Fetch analytics data for search failed
This checks the latest build state of a job in production Jenkins which runs every night and updates all documents in the search index with pageview data from Google Analytics.
The only downside of this not running is that the popularity data is slightly out of date. This job should not be run in working hours.
This job has two parts:
- Page view data is fetched from Google Analytics. This process seems to sometimes hang, resulting in stuck jobs.
- The search index is locked and popularity score of every page is updated.
If the job fails or gets stuck in part 1, you can cancel it and leave it to run the next day.
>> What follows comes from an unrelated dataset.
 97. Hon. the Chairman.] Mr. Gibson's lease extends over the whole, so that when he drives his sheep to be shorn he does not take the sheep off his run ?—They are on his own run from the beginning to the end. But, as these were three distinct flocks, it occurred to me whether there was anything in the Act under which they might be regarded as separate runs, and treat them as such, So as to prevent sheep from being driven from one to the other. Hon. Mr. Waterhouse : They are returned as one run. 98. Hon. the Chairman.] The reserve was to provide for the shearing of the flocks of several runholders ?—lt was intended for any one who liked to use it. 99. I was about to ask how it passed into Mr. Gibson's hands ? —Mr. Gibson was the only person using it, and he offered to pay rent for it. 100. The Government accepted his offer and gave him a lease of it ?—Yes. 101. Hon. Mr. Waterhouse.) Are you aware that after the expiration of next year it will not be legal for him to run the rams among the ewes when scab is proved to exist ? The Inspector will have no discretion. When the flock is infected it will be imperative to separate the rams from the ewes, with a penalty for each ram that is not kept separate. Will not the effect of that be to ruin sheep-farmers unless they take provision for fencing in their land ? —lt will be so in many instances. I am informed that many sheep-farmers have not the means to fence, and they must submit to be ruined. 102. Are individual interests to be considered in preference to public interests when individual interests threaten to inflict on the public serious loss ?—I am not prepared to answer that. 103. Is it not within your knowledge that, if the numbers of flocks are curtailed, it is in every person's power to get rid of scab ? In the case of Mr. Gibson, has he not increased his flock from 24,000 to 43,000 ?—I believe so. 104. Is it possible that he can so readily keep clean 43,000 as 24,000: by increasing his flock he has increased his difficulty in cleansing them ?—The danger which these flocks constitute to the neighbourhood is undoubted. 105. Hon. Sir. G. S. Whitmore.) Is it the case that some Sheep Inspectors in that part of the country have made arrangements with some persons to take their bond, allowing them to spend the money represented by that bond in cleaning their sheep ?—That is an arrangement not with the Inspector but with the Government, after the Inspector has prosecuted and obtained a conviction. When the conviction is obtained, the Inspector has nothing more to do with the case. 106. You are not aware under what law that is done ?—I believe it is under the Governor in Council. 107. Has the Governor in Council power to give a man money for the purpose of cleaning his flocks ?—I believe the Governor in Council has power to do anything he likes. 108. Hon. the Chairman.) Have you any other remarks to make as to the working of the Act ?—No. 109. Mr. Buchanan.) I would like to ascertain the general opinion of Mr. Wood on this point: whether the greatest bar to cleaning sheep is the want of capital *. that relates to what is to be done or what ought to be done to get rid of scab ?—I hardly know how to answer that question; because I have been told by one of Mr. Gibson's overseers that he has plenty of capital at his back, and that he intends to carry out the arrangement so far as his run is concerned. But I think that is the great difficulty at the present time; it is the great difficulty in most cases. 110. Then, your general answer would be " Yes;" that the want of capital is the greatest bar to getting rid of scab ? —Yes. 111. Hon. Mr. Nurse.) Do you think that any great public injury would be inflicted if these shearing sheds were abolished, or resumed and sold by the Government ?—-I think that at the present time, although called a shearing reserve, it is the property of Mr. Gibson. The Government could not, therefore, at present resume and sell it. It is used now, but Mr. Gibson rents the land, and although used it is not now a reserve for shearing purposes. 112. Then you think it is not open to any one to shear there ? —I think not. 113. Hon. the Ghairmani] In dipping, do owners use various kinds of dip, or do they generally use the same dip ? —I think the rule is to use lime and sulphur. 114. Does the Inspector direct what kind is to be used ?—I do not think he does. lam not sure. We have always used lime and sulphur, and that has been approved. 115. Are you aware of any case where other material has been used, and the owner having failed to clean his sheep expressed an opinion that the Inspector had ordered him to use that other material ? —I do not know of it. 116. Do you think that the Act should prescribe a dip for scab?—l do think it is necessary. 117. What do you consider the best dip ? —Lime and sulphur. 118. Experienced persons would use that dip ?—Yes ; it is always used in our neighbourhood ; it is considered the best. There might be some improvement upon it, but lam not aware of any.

If you see in the Jenkins job output:
$ jenkins.util.io.CompositeIOException: Unable to delete '/var/lib/jenkins/workspace/search-api-fetch-analytics-data'.
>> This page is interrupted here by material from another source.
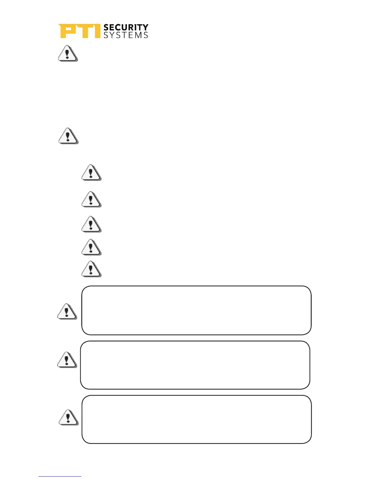 PTI Security Systems products are installed. PTI Security Systems does

The job runs a Docker container which uses
root, and if it fails the
files don’t get cleaned up properly. You can check by running the following
command on the machine:
$ sudo su - jenkins $ ls -al /var/lib/jenkins/workspace/search-api-fetch-analytics-data
total 20 drwxr-xr-x 5 jenkins jenkins 4096 Dec 31 21:17 . drwxr-xr-x 78 jenkins jenkins 4096 Feb 15 14:18 .. drwxr-xr-x 4 jenkins jenkins 4096 Dec 31 21:17 analytics_fetcher drwxr-xr-x 2 root root 4096 Dec 23 04:10 cache drwxr-xr-x 3 jenkins jenkins 4096 Dec 31 21:17 gapy
They can be removed by running:
$ sudo rm -r /var/lib/jenkins/workspace/search-api-fetch-analytics-data
The job should hopefully run successfully overnight.
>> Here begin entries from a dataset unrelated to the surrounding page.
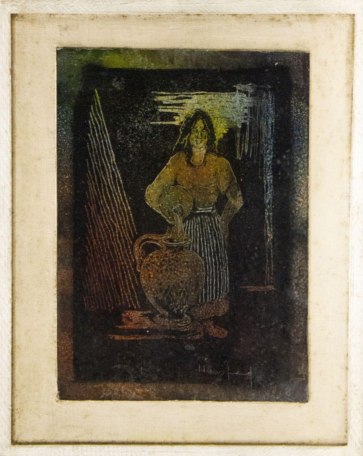 Paysanne, peinture sous-verre, signée et datée 58, 26x20 cm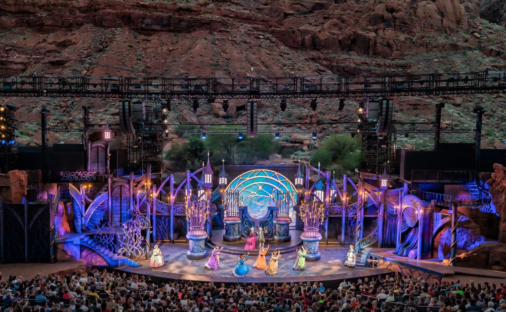 Set against a magnificent red rock canyon backdrop in the Utah desert, Tuacahn Amphitheater in the state’s southwest corner is one of the most picturesque settings you’ll find anywhere for outdoor theatre. Lighting Designer, Cory Pattak recently lit a production of Beauty and the Beast amid the spectacular surroundings and used the venue’s new IP65-rated Proteus Maximus moving heads as workhorse front light fixtures.
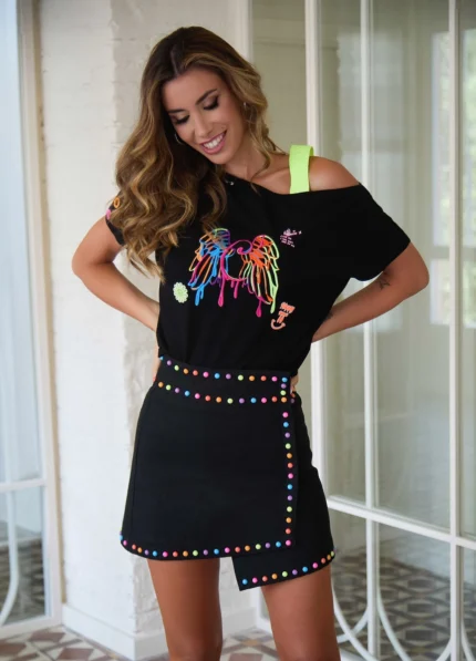 CAMALEONICA FALDA MUJER FALDA AZUFRE NEU NEGRO

If the job fails or gets stuck in part 2, the search indices may still be locked. If that’s the case, documents will be missing from search. First unlock the indices:
bundle exec rake search:unlock SEARCH_INDEX=all
Then see the “fix out-of-date search indices” docs.
If the job is failing often, make sure the team currently responsible for search are aware of the problem (or Platform Health).